> _PROMPT_:
When you retype the data, keep every word exactly and include none of the pictures.

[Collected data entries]
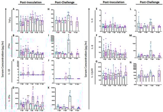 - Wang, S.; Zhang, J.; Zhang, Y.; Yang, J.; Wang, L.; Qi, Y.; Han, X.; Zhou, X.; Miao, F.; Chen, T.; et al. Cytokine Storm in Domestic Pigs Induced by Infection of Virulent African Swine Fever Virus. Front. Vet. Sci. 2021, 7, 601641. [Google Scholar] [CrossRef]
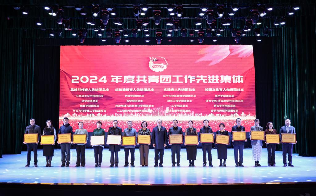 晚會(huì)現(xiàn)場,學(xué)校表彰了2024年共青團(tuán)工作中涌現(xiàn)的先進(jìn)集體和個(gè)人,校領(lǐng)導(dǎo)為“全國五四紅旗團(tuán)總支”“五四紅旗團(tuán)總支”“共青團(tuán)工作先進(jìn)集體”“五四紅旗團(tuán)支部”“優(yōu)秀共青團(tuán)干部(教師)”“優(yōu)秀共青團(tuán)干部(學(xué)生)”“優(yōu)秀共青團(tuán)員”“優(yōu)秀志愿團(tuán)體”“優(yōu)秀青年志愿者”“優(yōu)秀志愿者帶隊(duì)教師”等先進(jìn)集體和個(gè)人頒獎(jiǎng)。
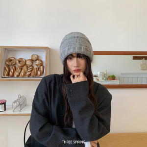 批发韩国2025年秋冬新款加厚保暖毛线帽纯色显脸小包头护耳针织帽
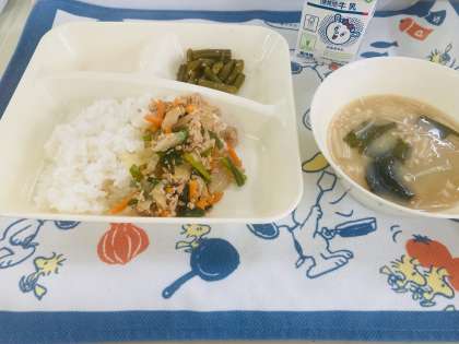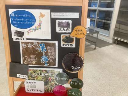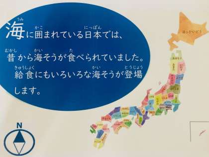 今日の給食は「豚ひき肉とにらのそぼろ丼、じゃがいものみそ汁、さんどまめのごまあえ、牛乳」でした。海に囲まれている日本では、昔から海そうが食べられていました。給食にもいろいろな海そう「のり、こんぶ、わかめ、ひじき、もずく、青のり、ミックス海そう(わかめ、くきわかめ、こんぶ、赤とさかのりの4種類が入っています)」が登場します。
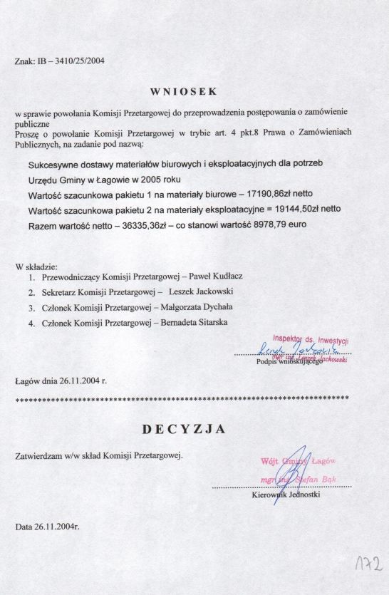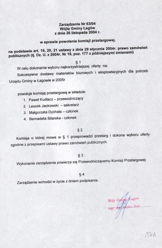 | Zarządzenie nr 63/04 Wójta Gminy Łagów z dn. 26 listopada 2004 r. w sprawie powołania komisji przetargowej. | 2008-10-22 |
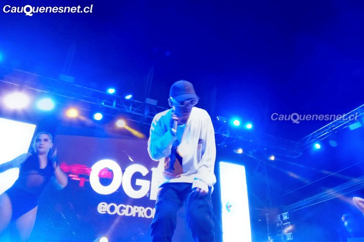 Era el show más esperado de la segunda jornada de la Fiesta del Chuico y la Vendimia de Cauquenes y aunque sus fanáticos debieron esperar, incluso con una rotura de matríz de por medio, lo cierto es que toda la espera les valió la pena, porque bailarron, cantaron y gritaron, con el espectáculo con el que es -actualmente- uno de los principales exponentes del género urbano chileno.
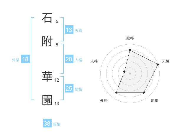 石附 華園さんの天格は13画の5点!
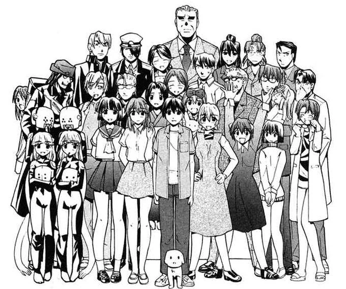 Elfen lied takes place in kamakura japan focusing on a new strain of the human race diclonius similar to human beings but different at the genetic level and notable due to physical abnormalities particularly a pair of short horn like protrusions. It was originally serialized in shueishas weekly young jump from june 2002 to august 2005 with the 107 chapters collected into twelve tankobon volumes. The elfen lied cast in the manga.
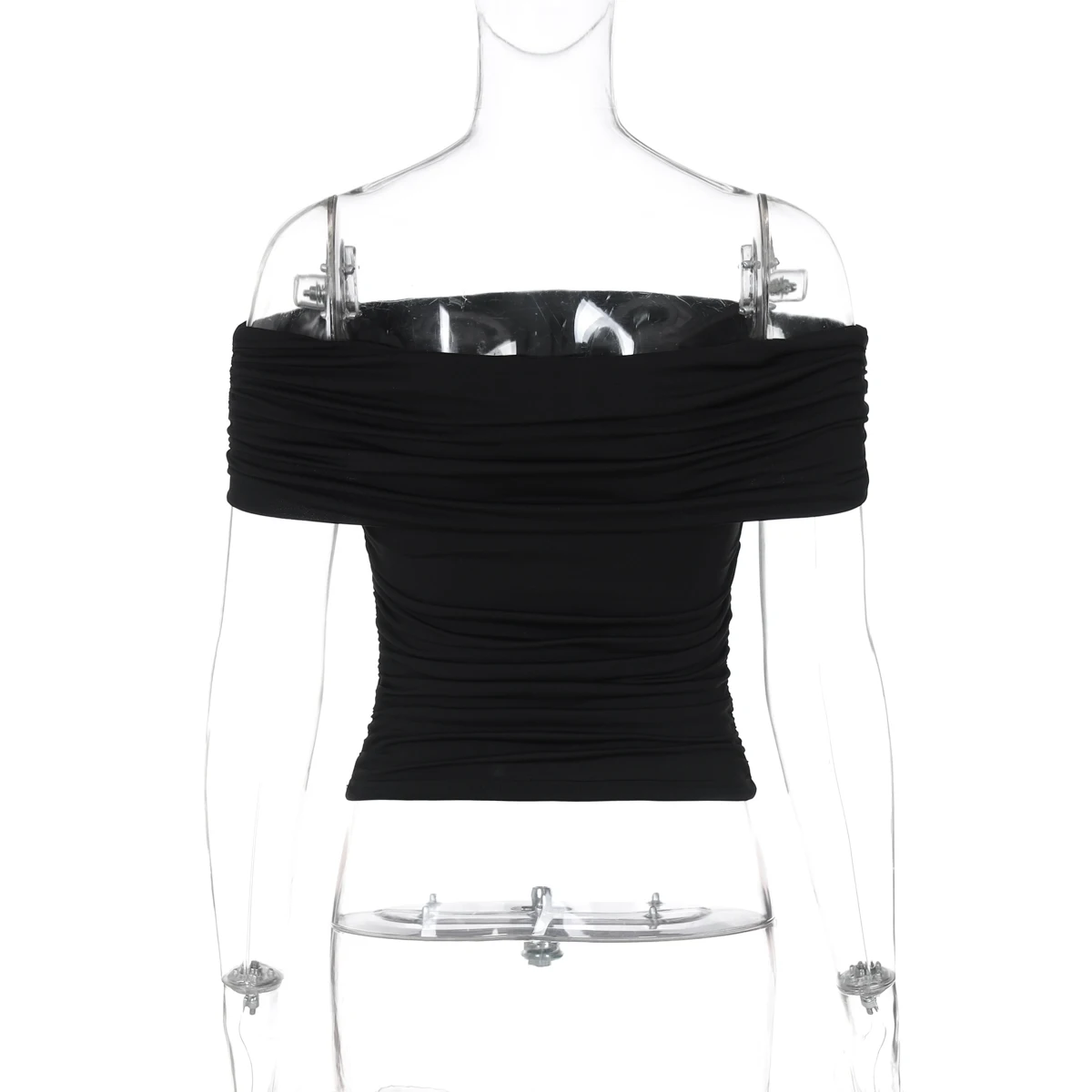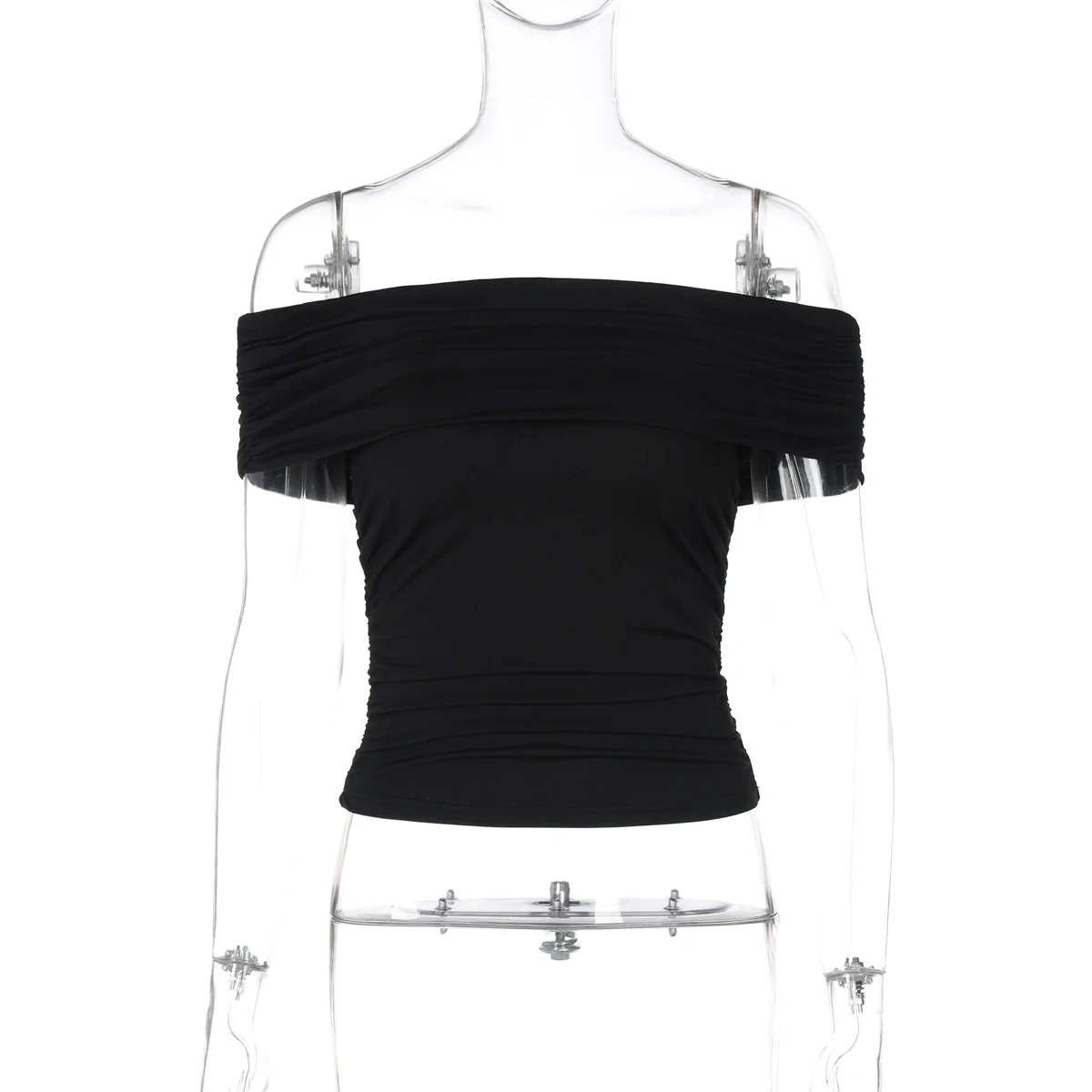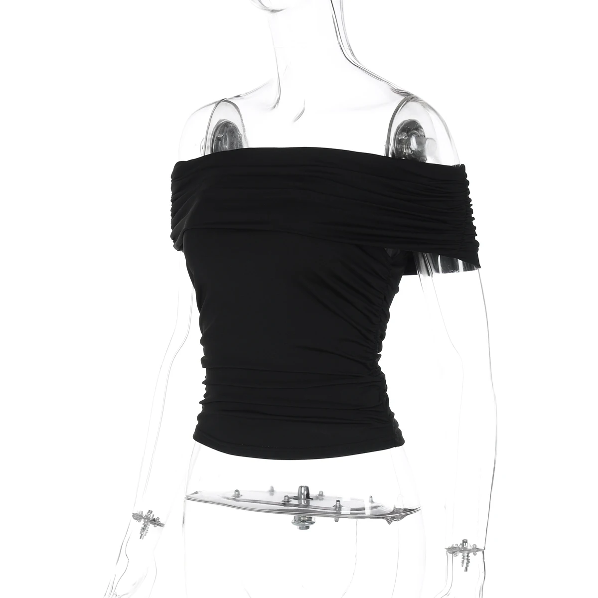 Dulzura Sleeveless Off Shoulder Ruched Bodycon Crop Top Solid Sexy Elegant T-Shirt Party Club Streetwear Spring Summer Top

> _THE COMPLETED TASK_:
 - Wang, S.; Zhang, J.; Zhang, Y.; Yang, J.; Wang, L.; Qi, Y.; Han, X.; Zhou, X.; Miao, F.; Chen, T.; et al. Cytokine Storm in Domestic Pigs Induced by Infection of Virulent African Swine Fever Virus. Front. Vet. Sci. 2021, 7, 601641. [Google Scholar] [CrossRef]
 晚會(huì)現(xiàn)場,學(xué)校表彰了2024年共青團(tuán)工作中涌現(xiàn)的先進(jìn)集體和個(gè)人,校領(lǐng)導(dǎo)為“全國五四紅旗團(tuán)總支”“五四紅旗團(tuán)總支”“共青團(tuán)工作先進(jìn)集體”“五四紅旗團(tuán)支部”“優(yōu)秀共青團(tuán)干部(教師)”“優(yōu)秀共青團(tuán)干部(學(xué)生)”“優(yōu)秀共青團(tuán)員”“優(yōu)秀志愿團(tuán)體”“優(yōu)秀青年志愿者”“優(yōu)秀志愿者帶隊(duì)教師”等先進(jìn)集體和個(gè)人頒獎(jiǎng)。
 批发韩国2025年秋冬新款加厚保暖毛线帽纯色显脸小包头护耳针织帽
 今日の給食は「豚ひき肉とにらのそぼろ丼、じゃがいものみそ汁、さんどまめのごまあえ、牛乳」でした。海に囲まれている日本では、昔から海そうが食べられていました。給食にもいろいろな海そう「のり、こんぶ、わかめ、ひじき、もずく、青のり、ミックス海そう(わかめ、くきわかめ、こんぶ、赤とさかのりの4種類が入っています)」が登場します。
 | Zarządzenie nr 63/04 Wójta Gminy Łagów z dn. 26 listopada 2004 r. w sprawie powołania komisji przetargowej. | 2008-10-22 |
 Era el show más esperado de la segunda jornada de la Fiesta del Chuico y la Vendimia de Cauquenes y aunque sus fanáticos debieron esperar, incluso con una rotura de matríz de por medio, lo cierto es que toda la espera les valió la pena, porque bailarron, cantaron y gritaron, con el espectáculo con el que es -actualmente- uno de los principales exponentes del género urbano chileno.
 石附 華園さんの天格は13画の5点!
 Elfen lied takes place in kamakura japan focusing on a new strain of the human race diclonius similar to human beings but different at the genetic level and notable due to physical abnormalities particularly a pair of short horn like protrusions. It was originally serialized in shueishas weekly young jump from june 2002 to august 2005 with the 107 chapters collected into twelve tankobon volumes. The elfen lied cast in the manga.
 Dulzura Sleeveless Off Shoulder Ruched Bodycon Crop Top Solid Sexy Elegant T-Shirt Party Club Streetwear Spring Summer Top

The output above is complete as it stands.